▸ **Required action**:
From the line with "2010届染整技术专业校友陈雪梅,现任晋江市华宇织造有限公司经编生产中心总监" to the line with "понял ... спасибо", retype each line exactly as it stands in the records below, but skip the pictures.

*** Data to use ***

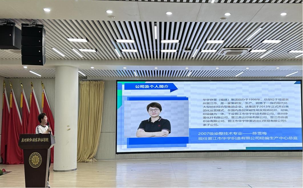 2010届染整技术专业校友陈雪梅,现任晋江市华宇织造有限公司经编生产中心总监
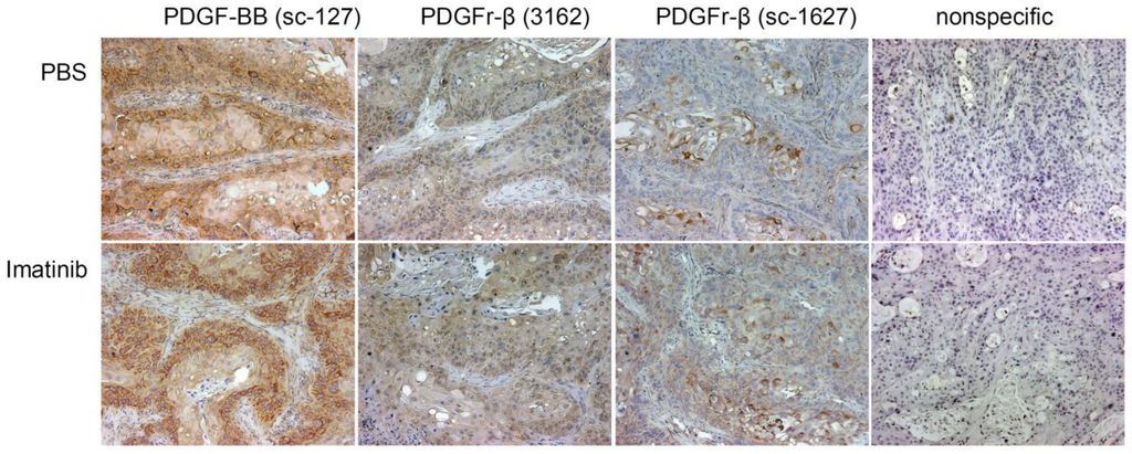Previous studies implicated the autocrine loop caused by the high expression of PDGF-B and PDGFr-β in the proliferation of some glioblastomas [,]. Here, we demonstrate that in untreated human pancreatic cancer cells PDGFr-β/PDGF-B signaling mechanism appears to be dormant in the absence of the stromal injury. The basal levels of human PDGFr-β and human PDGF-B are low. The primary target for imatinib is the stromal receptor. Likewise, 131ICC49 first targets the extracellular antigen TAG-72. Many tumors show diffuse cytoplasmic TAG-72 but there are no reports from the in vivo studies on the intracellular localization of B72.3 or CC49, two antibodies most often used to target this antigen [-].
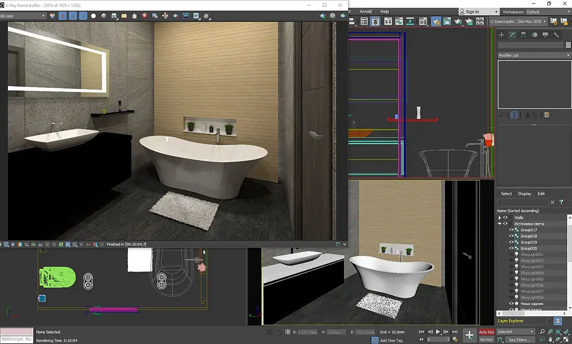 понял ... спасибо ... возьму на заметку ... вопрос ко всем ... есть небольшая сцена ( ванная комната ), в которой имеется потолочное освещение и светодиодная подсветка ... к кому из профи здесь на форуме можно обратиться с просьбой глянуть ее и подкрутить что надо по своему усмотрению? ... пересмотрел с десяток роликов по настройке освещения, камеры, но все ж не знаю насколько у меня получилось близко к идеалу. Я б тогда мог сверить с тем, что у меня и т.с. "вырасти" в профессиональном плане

*** End of Data to use ***
*** Data to use ***

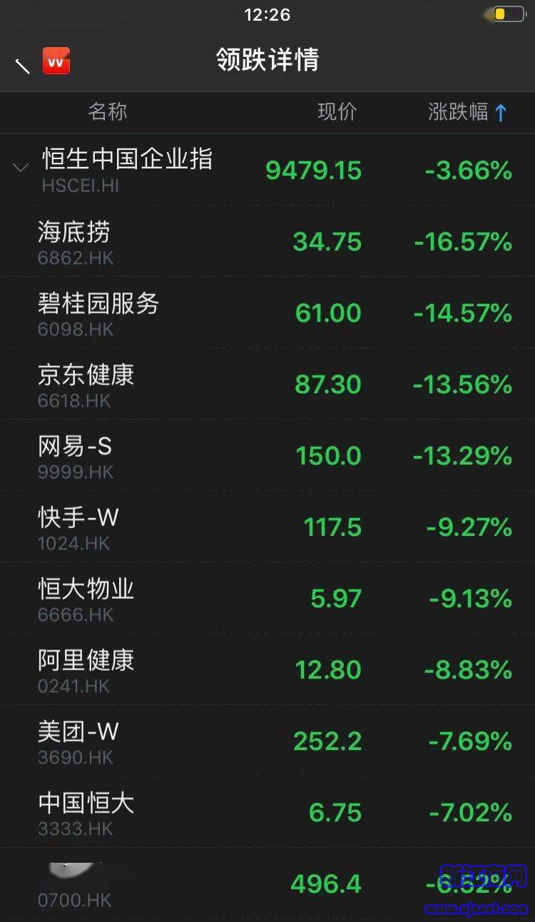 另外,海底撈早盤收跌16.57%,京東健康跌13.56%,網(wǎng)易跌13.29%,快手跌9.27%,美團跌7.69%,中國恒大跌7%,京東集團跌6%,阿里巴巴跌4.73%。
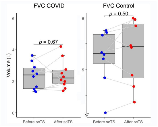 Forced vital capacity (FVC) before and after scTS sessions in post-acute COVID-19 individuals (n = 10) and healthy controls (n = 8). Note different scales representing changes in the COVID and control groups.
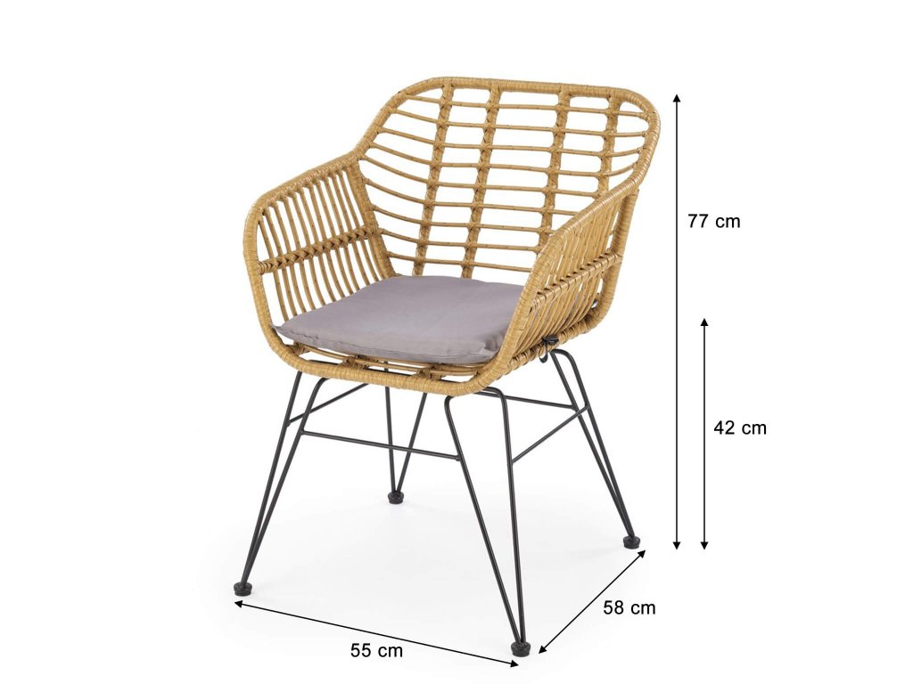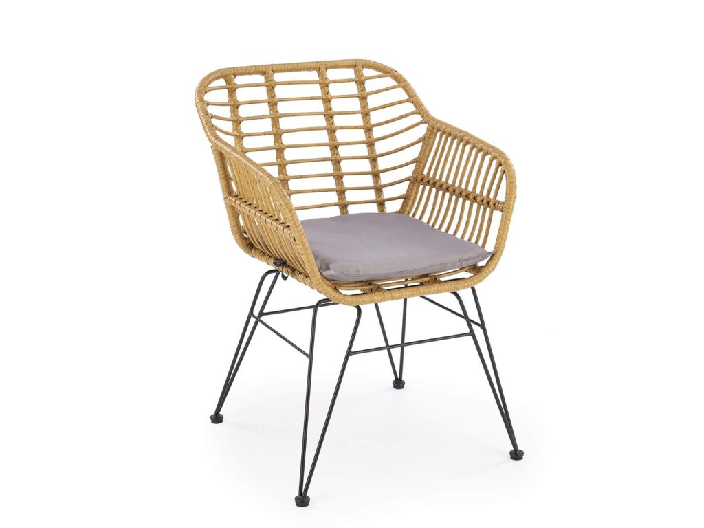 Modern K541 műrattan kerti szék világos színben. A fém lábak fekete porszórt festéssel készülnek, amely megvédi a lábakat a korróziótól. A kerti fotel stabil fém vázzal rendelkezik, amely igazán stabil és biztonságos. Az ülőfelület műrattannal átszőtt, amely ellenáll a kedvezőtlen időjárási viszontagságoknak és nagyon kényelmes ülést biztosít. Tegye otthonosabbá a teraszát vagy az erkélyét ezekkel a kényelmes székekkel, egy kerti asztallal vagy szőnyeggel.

*** End of Data to use ***

▸ **Written response**:
 2010届染整技术专业校友陈雪梅,现任晋江市华宇织造有限公司经编生产中心总监
Previous studies implicated the autocrine loop caused by the high expression of PDGF-B and PDGFr-β in the proliferation of some glioblastomas [,]. Here, we demonstrate that in untreated human pancreatic cancer cells PDGFr-β/PDGF-B signaling mechanism appears to be dormant in the absence of the stromal injury. The basal levels of human PDGFr-β and human PDGF-B are low. The primary target for imatinib is the stromal receptor. Likewise, 131ICC49 first targets the extracellular antigen TAG-72. Many tumors show diffuse cytoplasmic TAG-72 but there are no reports from the in vivo studies on the intracellular localization of B72.3 or CC49, two antibodies most often used to target this antigen [-].
 понял ... спасибо ... возьму на заметку ... вопрос ко всем ... есть небольшая сцена ( ванная комната ), в которой имеется потолочное освещение и светодиодная подсветка ... к кому из профи здесь на форуме можно обратиться с просьбой глянуть ее и подкрутить что надо по своему усмотрению? ... пересмотрел с десяток роликов по настройке освещения, камеры, но все ж не знаю насколько у меня получилось близко к идеалу. Я б тогда мог сверить с тем, что у меня и т.с. "вырасти" в профессиональном плане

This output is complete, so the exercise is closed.